Publicly provided education systems are increasingly being seen as unable to address the specific educational needs of poor and marginalized groups. The emphasis on pluralism in educational provision and alternative schooling systems for such groups hence assumes significance.
This paper focuses on the education of the poor in the city of Calcutta, capital of the state of West Bengal in India. It dwells on initiatives that are underway to bring all children to primary schools both in state funded regular schools as well as in alternative schools that are being run by non-government organisations.
The paper situates these initiatives in the larger context of the state of primary schooling in the city and the perceptions of educational deprivation among policy-makers, teachers and administrators. It points to the fact that primary schools are inadequate in terms of availability and offer education of relatively poor quality. However educational deprivation is seen by school providers to result largely from poverty, particularly child labour and the absence of home and community environments that are conducive to learning. This has provided the rationale for an alternative schooling system to address the specific educational needs of children who are not in regular schools.
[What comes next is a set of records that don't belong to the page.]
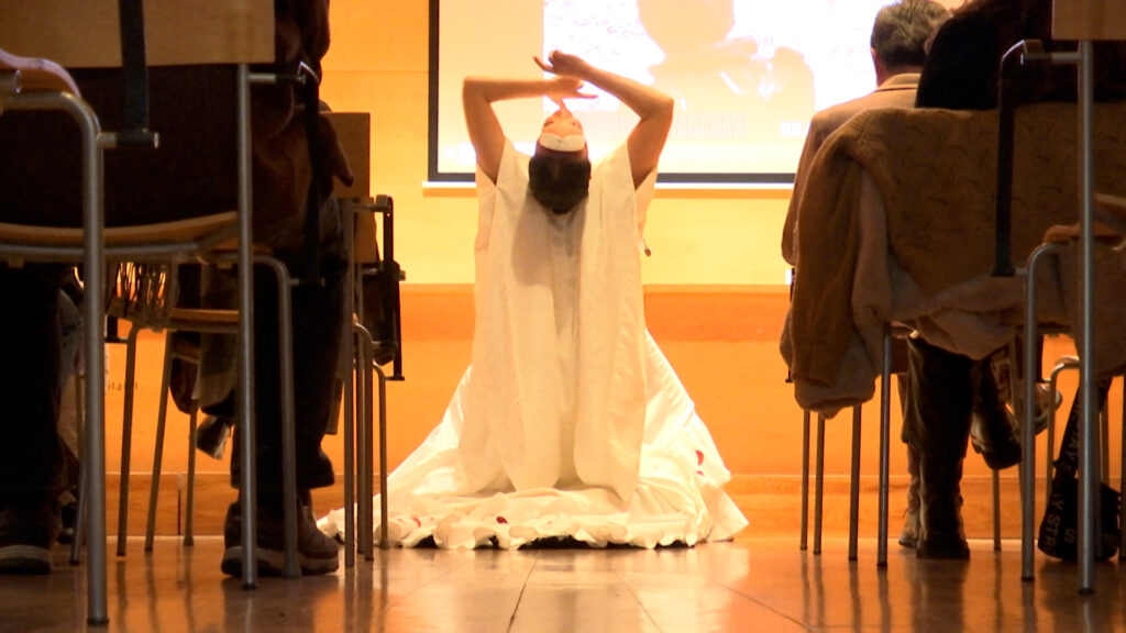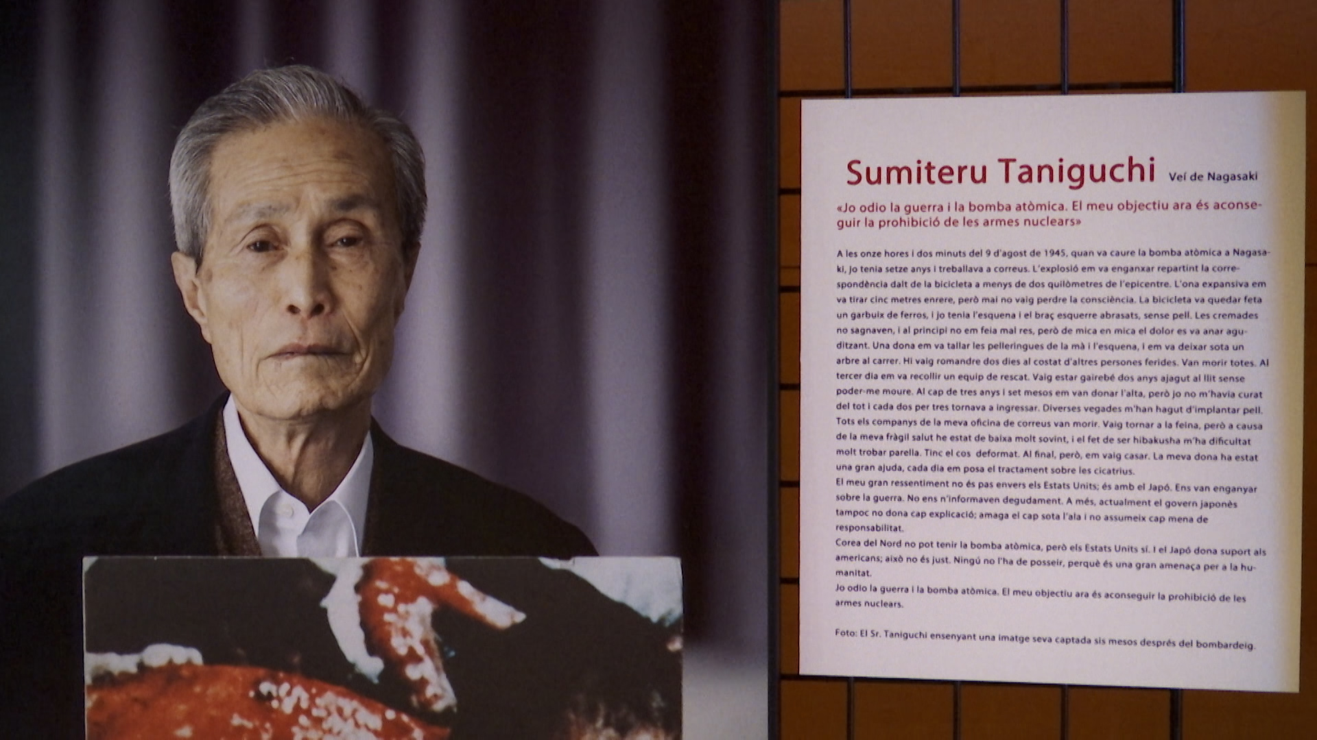 Entre les fotografies, es podia llegir un dels testimonis és Sumiteru Taniguchi, el qual crida: “Odio la guerra i la bomba atòmica. El meu objectiu és aconseguir la prohibició de les armes nuclears.” L’acte també va comptar amb una petita mostra artística de la ballarina i dinamitzadora cultural Kayoko Nakata, que va acompanyar a Lucas a la cerca de testimonis per al seu assaig.
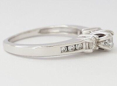 There are 3 Natural Round Cut diamonds weighing 0.34 ct, F in color, SI2 in clarity. The ring also contains 6 Natural Round Brilliant Cut side diamonds weighing 0.11 ct total weight, H-I in color, VS2-SI1 clarity. The ring is stamped "14K".
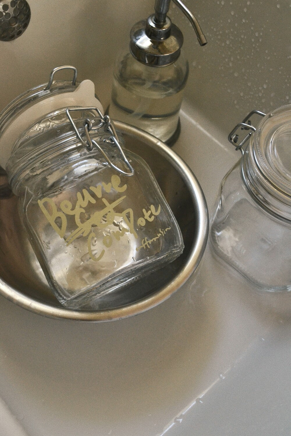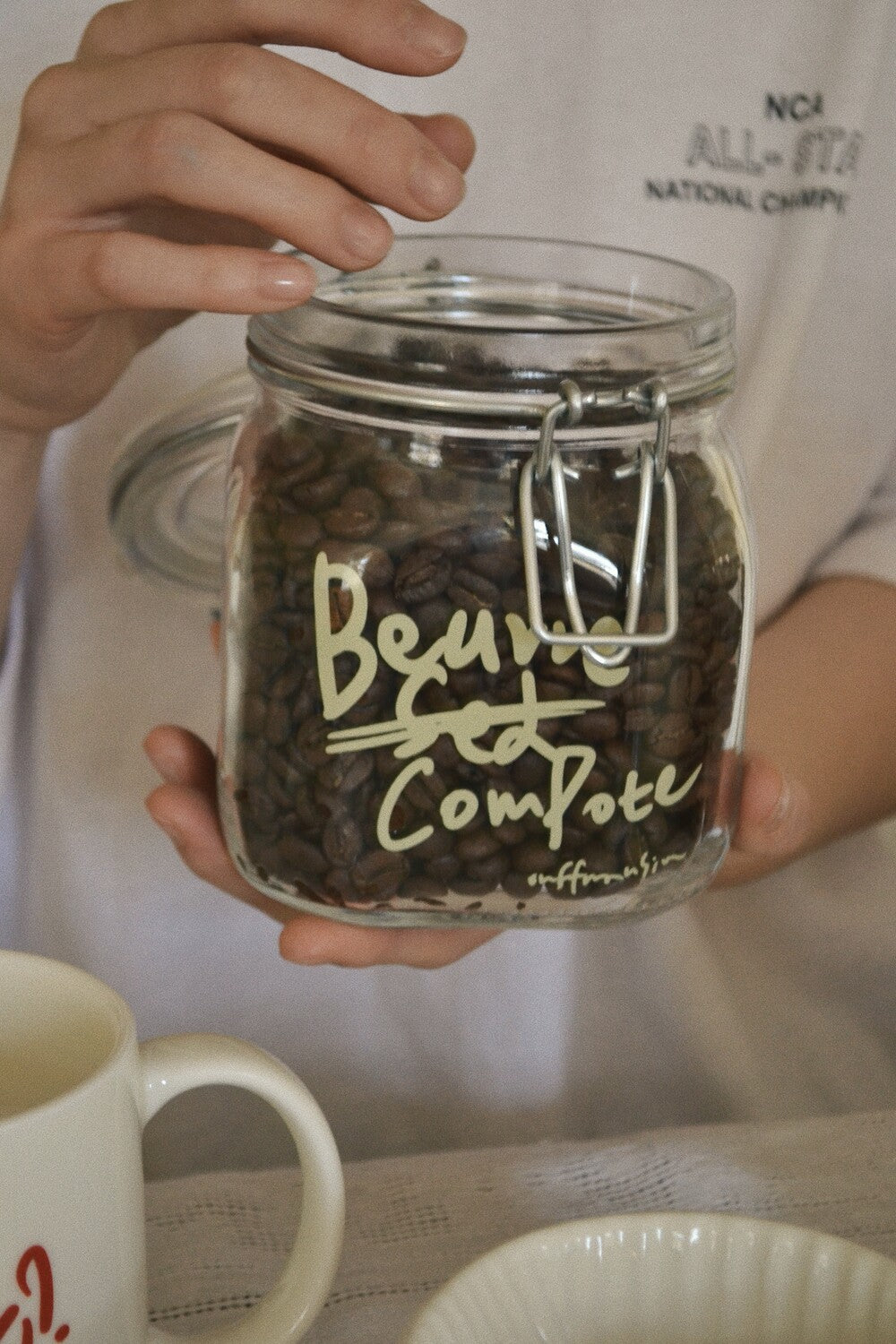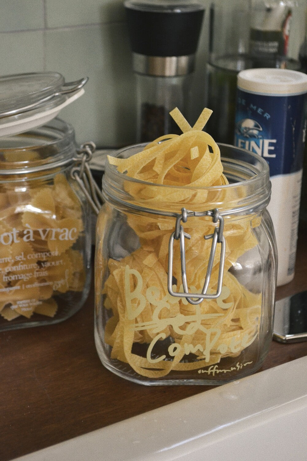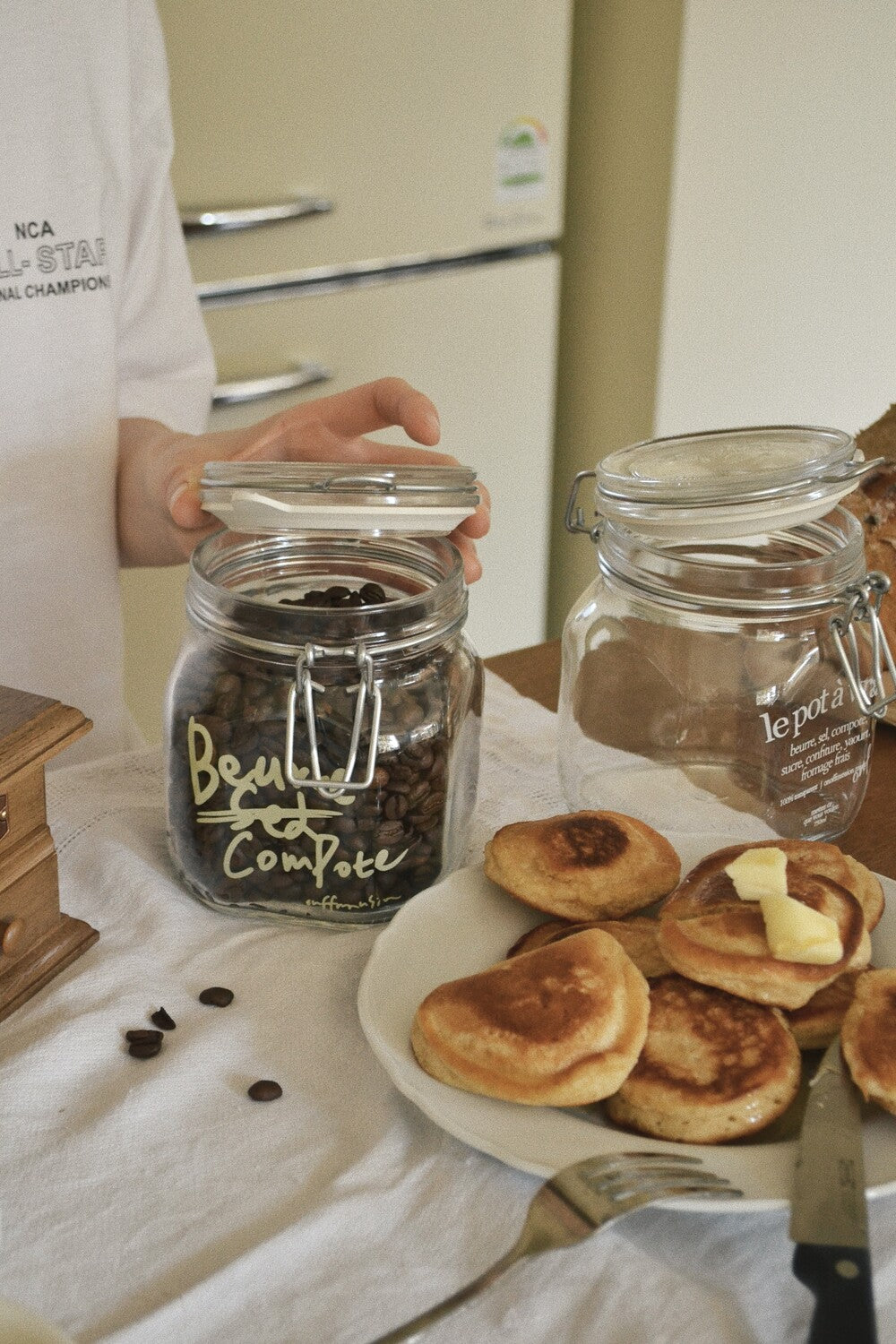 Many of the unwrapped products are packed in reusable glass bottles at En Bach's stores in France. Inspired by this, the Pido bottle, made with Onof Mansion's unique hand lettering design, was produced by the original Italian brand 'Bormioli'. It can be stored with compote, beans, pasta, Greek yogurt, fruit, etc., and can be reused for a long time at any time.
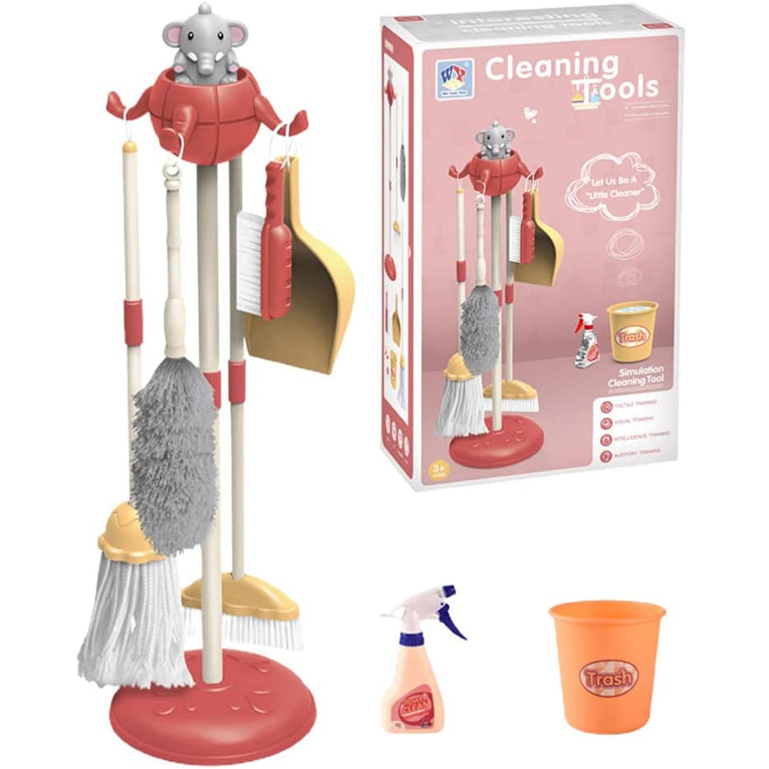 - Inspires hours of pretend play: toddler cleaning set to motivate your child to model independence and use their imagination to have fun; Each cleaning tool gives them an imagined role and pretends task to try.

The paper acknowledges that poverty is an important constraint in the education of the children of Calcutta’s poor. However it stresses that an emphasis primarily on the linkages between poverty, child labour and non enrolment in school fails to address the magnitude of educational deprivation that results from the institutional context of schooling provided to the poor.
While the alternative schooling system may increase educational opportunities for poor children it is unlikely to provide education of quality. On the other hand it is likely to result in a further stratification of an already iniquitous schooling system.